Quebec should go ahead and dam up the Great Whale River because it will create jobs for Crees, says Robert Kanatewat, former Chief of Chisasibi and commissioner of the Cree-Naskapi Commission.
“I sure as hell don’t like how the opposition is going (against Great Whale),” said Kanatewat in a phone interview. “We’re not only cutting employment for our own people but for all the people in Canada.”
Kanatewat’s controversial views recently got aired in an unflattering profile of Grand Chief Matthew Coon Come in the magazine L’Actualite.
“It’s not up to us to say if we need the power or not. We’re not in the power business and neither are the environmentalists.
If we want to save our country a bit better, let them build that (Great Whale) and then we can really fight NBR. There’s less effect of building Great Whale than NBR.
“I don’t have anything against the Great Whale people,” he emphasized.
“It’s a matter of being sensible. I’m not totally for damming the rivers but on the other hand what else do I have?”
Kanatewat, 60, was Chief of Chisasibi through most of the 1970s and Vice-Chief at the Grand Council in the late 1970s. Afterwards he moved into the business world and became president of a number of companies which could conceivably benefit from contracts should Great Whale go ahead. He is president—without pay, he emphasizes— of Kepa Transport, Besuum Petroleum, Air Wemindji and Eeyou Transport.
Kanatewat says his views on life were shaped by the extreme hardships he witnessed during the period of starvation in the 1930s and 1940s.
“This is where I get my ambition to not just sit around and wait for something to happen,” he said. “The active people are the ones who make things happen.
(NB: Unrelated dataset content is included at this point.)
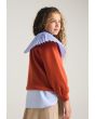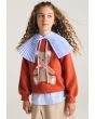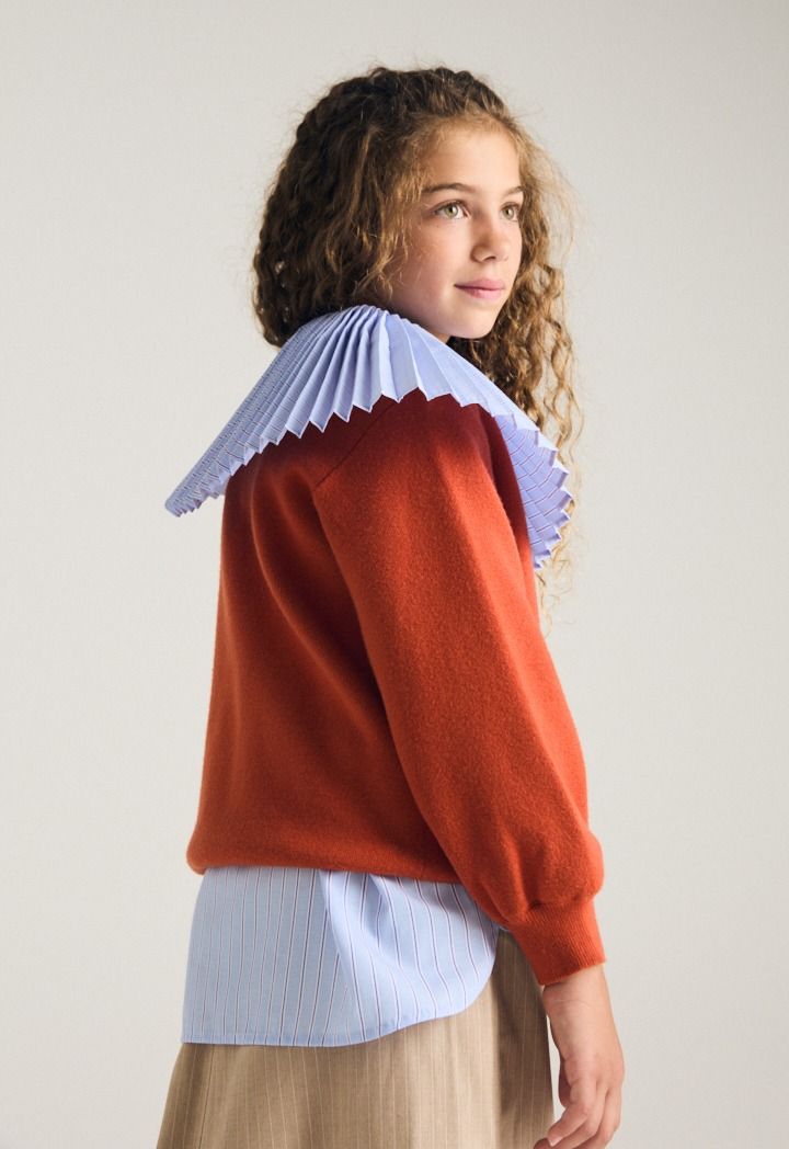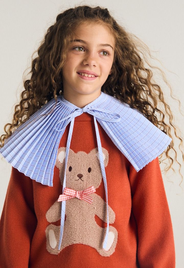 A knitted sweater that features a cute fleece bear embellished design.

You have to go out and create things. This is what makes the world go round.”
Kanatewat acknowledged that his views place him at odds with the mainstream of Cree society.
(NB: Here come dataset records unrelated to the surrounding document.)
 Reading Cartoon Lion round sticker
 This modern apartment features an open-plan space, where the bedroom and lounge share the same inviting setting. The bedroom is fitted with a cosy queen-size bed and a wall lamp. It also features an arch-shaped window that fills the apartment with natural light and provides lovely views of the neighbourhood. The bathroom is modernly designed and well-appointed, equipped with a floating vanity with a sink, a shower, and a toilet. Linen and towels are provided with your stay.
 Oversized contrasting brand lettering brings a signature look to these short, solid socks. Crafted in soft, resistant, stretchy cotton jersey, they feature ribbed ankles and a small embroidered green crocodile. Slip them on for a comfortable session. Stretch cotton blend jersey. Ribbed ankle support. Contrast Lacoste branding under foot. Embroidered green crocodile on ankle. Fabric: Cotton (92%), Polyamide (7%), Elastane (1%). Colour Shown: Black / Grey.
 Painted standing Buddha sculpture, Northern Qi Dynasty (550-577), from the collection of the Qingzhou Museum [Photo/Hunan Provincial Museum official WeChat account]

“They call for stopping developments in the territory and then in the same tone they are asking for jobs,” he said. “Yet they don’t want to seek jobs in the south. All they want is the jobs to come to them. And that doesn’t happen. The only way jobs are coming is from development.”
Still, Kanatewat insisted that he doesn’t want to see the land destroyed by developers. “If people think I’m for the destruction of the land, no sir. I don’t mind going out on the land. But what about my children? If they have children of their own, won’ttakethem out for sure.”